Wait but why: Why Generation Y yuppies are unhappy - lostbit
http://www.waitbutwhy.com/2013/09/why-generation-y-yuppies-are-unhappy.html
======
collyw
Nothing to do with boomers growing up in times of growing equality, while gen
y grew up in times of increasing inequality?

Yes, it does kind of piss me off that my previous landlord could afford
multiple properties from the proceeds of selling pirated tapes in London in
the 70's / 80's, yet as an educated knowledge worker on an above average wage,
I could barely afford the crappiest flat there.

I guess I must be wildly ambitious like the article suggests.

------
cafard
This was posted back in September, when it first came out. It has not improved
with age.

------
Empathenosis
Interesting read, I found the tips at the end to be both... extremely
practical, and kind of a mix of "You suck...BUT YOU DONT HAVE TO!".

However, I feel the writer is massively ineffective at communicating the tips
at the end.

I think a few things could improve this to be readable by more than just the
curious.

* - Stop lumping a 30 year gap into one group/personality. // While aware that you _may_ not be, it doesn't come off as that, I may feel this way because I was born in '91.*

* - Start with a problem. Fix the problem, before the next problem. example: A lot of people with this mentality share another slightly dysfunctional mentality, with this [subject] you'll come across this [problem]. Here is how you fix it, and work past it. *

* - Work on the wording.

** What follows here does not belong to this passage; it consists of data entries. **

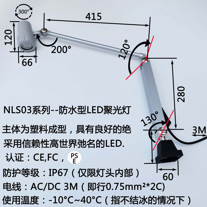 防水型LED机床工作灯聚光灯NLSM03C 日本日机NIKKI 含税原装
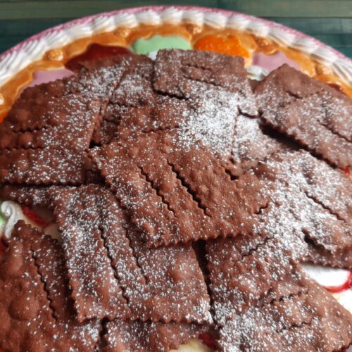- Stendere l'impasto fino ad ottenere una sfoglia sottile. Tagliare dei rombi e metterli su delle teglie rivestite di carta forno e cuocere per 7/8 minuti in forno caldo e statico.
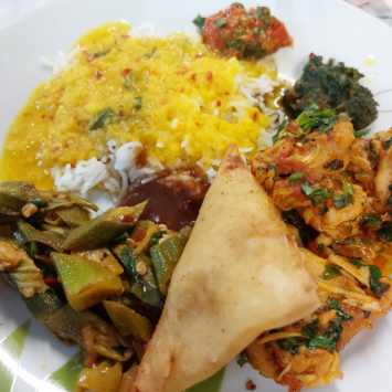 The food was scrumptious, with a rich depth of flavour and fresh ingredients. We had bhindi masala with fresh okra, tomato and garlic, Salnia’s chicken with succulent chicken, garlic and coriander, rice and dahl, handmade chapati with a soft and chewy texture, and three kinds of chutneys: tamarind (Immli), green (Hari), and garlic (Lahsan). I could taste the coriander, garlic, tomato, mint, and tamarind in every bite as we shared different dishes around the table.
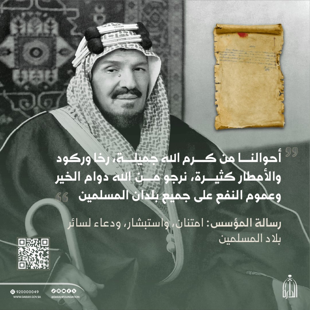 دارة الملك عبدالعزيز تبرز برقية للملك المؤسس تشيد بالرخاء والأمن
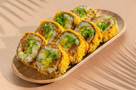 Айдахо Вес: 340 граммов. Состав: сурими, сливочный сыр, огурец, темпурная мука, сухари панко, спайси соус. С роллом идет комплект из соевого соуса, имбиря и васаби.Пищевая ценностьна 100 г 188ккал 5,9 гбелки 7,8 гжиры 23,5 гуглеводы на порцию 667ккал 21 гбелки 27,7 гжиры 83 гуглеводы на штуку 83ккал 2,6 гбелки 3,5 гжиры 10,4 гуглеводы Цена 990 RSD В корзину
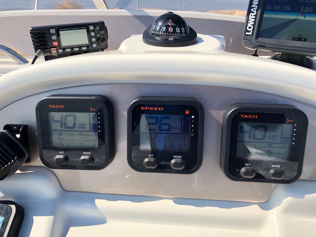 Descrizione motore 2 x 150Hp Yamaha anno 2010 con appena 210 ore di moto. Tagliandi regolari. Consumi a vel crociera 26/27 nodi 45 lt/h complessivi; a 21/22 nodi 37 lt/h complessivi; vel max oltre 40 nodi.
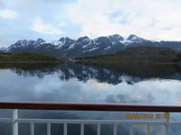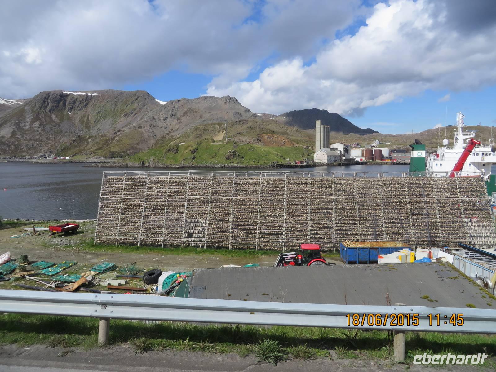Während der zweiten Fahrt durch den Trollfjord sitzen wir diesmal im Restaurant, denn wir begeben uns 18.45 Uhr auf den Ausflug „Lofoten", einem weiteren Höhepunkt unserer Reise. Wieder lernen wir ganz neue Landschaftsformationen kennen. Kahle Felsen und versteckte Buchten und sogar Sandstrände - das ist Norwegen pur. Hinter jeder Kurve vermittelt die Landschaft einen anderen Eindruck, aber der ist immer überwältigend, süchtig machend. In Henningsvaer besichtigen das "Lofotenhus", Norwegens größte Sammlung nordnorwegischer Malerei. Auf mehr als 100 Bildern ist eindrucksvoll das harte Fischerleben auf den Lofoten dargestellt. Die Leute hatten es hier schon ganz schön schwer - früher. Heute sehen ihre Häuser nicht mehr arm aus, aber unser Guide berichtet uns von der Schließung von Schulen und kleinen Läden. Die jungen Menschen wollen nicht mehr auf dem Land leben, sie ziehen in die Städte - das ist auf den Lofoten nicht anders als überall auf der Welt. Nach dem Besuch der Gallerie haben wir Zeit durch den Ort zu bummeln. Uns haben es besonders die Gestelle mit den Trockenfischen angetan. Hier können wir uns das mal von ganz nah anschauen. Immerhin befinden wir uns in einem der wichtigsten Fischerorte der Lofoten. Der Kabeljau, wie der geschlechtsreife Dorsch genannt wird, bildet die Existenzgrundlage der Region. Geköpft und an den Schwänzen zusammengebunden, hängen die Fische zu tausenden acht bis zehn Wochen an Holzgestellen, bis sie trocken und knochenhart geworden sind. Diese Prozedur gilt als die älteste Konservierungsmethode der Welt. Der nunmehr entstandenen Trockenfisch kann nach vielerlei Rezepten zu leckeren Gerichten verarbeitet werden. Die abgeschlagenen Köpfe werden nach Afrika exportiert, wo sie als Proteinquelle geschätzt werden. Vorher jedoch werden ihnen von Schulkindern die Zungen entfernt. Diese wiederum gelten (in Teig gebacken) als Delikatesse und bringen den Kindern ein zusätzliches Taschengeld ein. Auf unserer Fahrt über die Lofoten begegnen wir dem Kunstprojekt "Skulpturlandschaft Nordland" in Form eines Glas- und Spiegelpavillons. Leider ist nicht genügend Zeit zum Aussteigen, so dass wir uns auf den Bericht unseres Guides verlassen müssen, der besagt, dass sich beim Nähergehen, je nach konkretem Standpunkt des Betrachters, die Umgebung unterschiedlich in den Glas- und Spiegelwänden zeigt und damit zu einem einzigartigem Erlebnis wird.

You seem either pretentious or born in the 40's and pissed about how the world changed, unable to accept advancements/changes through the world, while being angry with a younger generation. (Also, this is the internet, just to be clear, I'm not trying to be an asshole.) *

I hope you understand. I was born in this generation of "GYPSYs" as you (or
the author) called it, I don't feel a sense of entitlement, my sense of being
'special' isn't "I am better than you.", it's more so that I have a love of
education, technology, and programming, and that's 'special' to me because
quite a few of the people I've known in my generation strongly dislike those
topics.

Frankly, I love working my ass off and seeing a small blade of grass popup in
my metaphorical soil. I hope (not expect) some day this metaphorical soil will
be covered in countless tiny blades of grass that end up becoming a gigantic
metaphorical greener-grass that is my life.

There are plenty of people (young and old-alike) that feel they are entitled
to things. Respect, Success, Money, Fame(?). Those people suck. But your
entire mentality isn't based on the time you were born. I feel like the things
experience it, mixed with your environment are what attribute to those types
of mentalities. (Yes, the old Nature VS Nurture)

\- Ash